The antiquities ministry said the lack of tough international response to earlier Islamic State attacks on Iraq’s historic sites had encouraged the group to continue its campaign.
“The delay in international support for Iraq has encouraged terrorists to commit another crime of stealing and demolishing the remains of the city of Hatra,” it said in a statement.
Archaeologists have compared the assault on Iraq’s cultural history to the Taliban’s destruction of the Bamyan Buddhas in 2001. But the damage wreaked by Islamic State, not just on ancient monuments but also on rival Muslim places of worship, has been swift, relentless and more wide-ranging.
Last week’s video showed them toppling statues and carvings from plinths in the Mosul museum and smashing them with sledge hammers and drills. It also showed damage to a huge statue of a bull at the Nergal Gate into the city of Nineveh.
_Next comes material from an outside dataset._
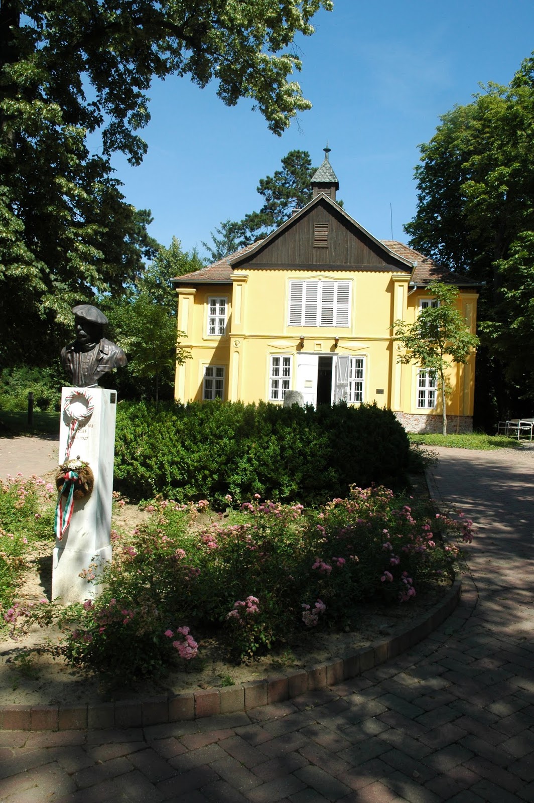 | A bizonyos bronzszobor, melyre halála előtt az említett néni adta a pénzt. Háttérben a felújított emlékház. |

Islamic State, which rules a self-declared caliphate in parts of Iraq and Syria, promotes a fiercely purist interpretation of Sunni Islam which draws its inspiration from early Islamic history. It rejects religious shrines of any sort and condemns Iraq's majority Shia Muslims as heretics.
Last July it destroyed the tomb of the prophet Jonah in Mosul. It has also attacked Shia places of worship and last year gave Mosul’s Christians an ultimatum to convert to Islam, pay a religious levy or face death by the sword. It has also targeted the Yazidi minority in the Sinjar mountains west of Mosul.